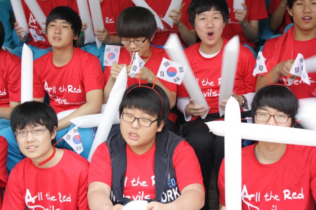 With kick off in less than a week Korea has made sure to clothe every citizen working in hospitality from hotel staff to grocery clerks in red jerseys in support of the South Korean team affectionately called “The Reds” or “The Red Devils.” Korea’s beer “Hite” has changed its label from a generic looking orange and blue motif to a series of football comic strips. Schools have held world cup themed sports days where classes compete in massive football games emulating their favorite players. Little is known about pre-game build up coming from the North Korean fans but NPR recently reported that key Northern player Jong Tae-Se has vowed to score a goal in every one of the team’s scheduled matches. Not an easy task given the tough draw the North Koreans have been stuck with.Jong Tae Se
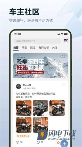 支持发布动态,分享骑行心得,还可发布文字、图片、视频内容。
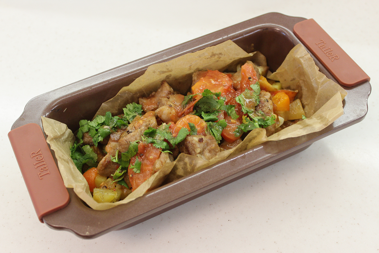 Традиционно чанахи готовят в горшочках, но я покажу, как обойтись без них. Мясо можно взять любое, главное — выбрать мягкий и сочный отруб, например куриные бедра, говяжий толстый или тонкий край, бараний окорок. Я взяла свиную шею.
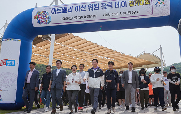 ¡®¾Æ»ê½Ã¹Î °Ç° °È±â Ȱ¼ºÈ¡¯ »ç¾÷ÀÇ Çϳª·Î ½Ã¹Î ¸ðµÎ °È±â¿¡ Èì»¶ ºüÁ® º¸´Â ½Ã°£À» °®ÀÚ´Â Àǹ̷ΠÁøÇàµÈ À̹ø Çà»ç¿¡´Â ¹Ú°æ±Í ¾Æ»ê½ÃÀå°ú ±èÈñ¿µ ¾Æ»ê½ÃÀÇȸ ÀÇÀå, À̸í¼ö¡¤°ÈÆ½Ä ±¹È¸ÀÇ¿ø, ½Ã¡¤µµÀÇ¿ø µîÀÌ Âü¼®ÇØ ÀÚ¸®¸¦ ºû³Â´Ù.

* * * *

DIRECTIONS: Copy verbatim the span that begins at the line containing "支持发布动态,分享骑行心得,还可发布文字、图片、视频内容。" and ends at the last line of the material, inclusive of both; exclude pictures.

SOLUTION FOR THIS PROBLEM:
 支持发布动态,分享骑行心得,还可发布文字、图片、视频内容。
 Традиционно чанахи готовят в горшочках, но я покажу, как обойтись без них. Мясо можно взять любое, главное — выбрать мягкий и сочный отруб, например куриные бедра, говяжий толстый или тонкий край, бараний окорок. Я взяла свиную шею.
 ¡®¾Æ»ê½Ã¹Î °Ç° °È±â Ȱ¼ºÈ¡¯ »ç¾÷ÀÇ Çϳª·Î ½Ã¹Î ¸ðµÎ °È±â¿¡ Èì»¶ ºüÁ® º¸´Â ½Ã°£À» °®ÀÚ´Â Àǹ̷ΠÁøÇàµÈ À̹ø Çà»ç¿¡´Â ¹Ú°æ±Í ¾Æ»ê½ÃÀå°ú ±èÈñ¿µ ¾Æ»ê½ÃÀÇȸ ÀÇÀå, À̸í¼ö¡¤°ÈÆ½Ä ±¹È¸ÀÇ¿ø, ½Ã¡¤µµÀÇ¿ø µîÀÌ Âü¼®ÇØ ÀÚ¸®¸¦ ºû³Â´Ù.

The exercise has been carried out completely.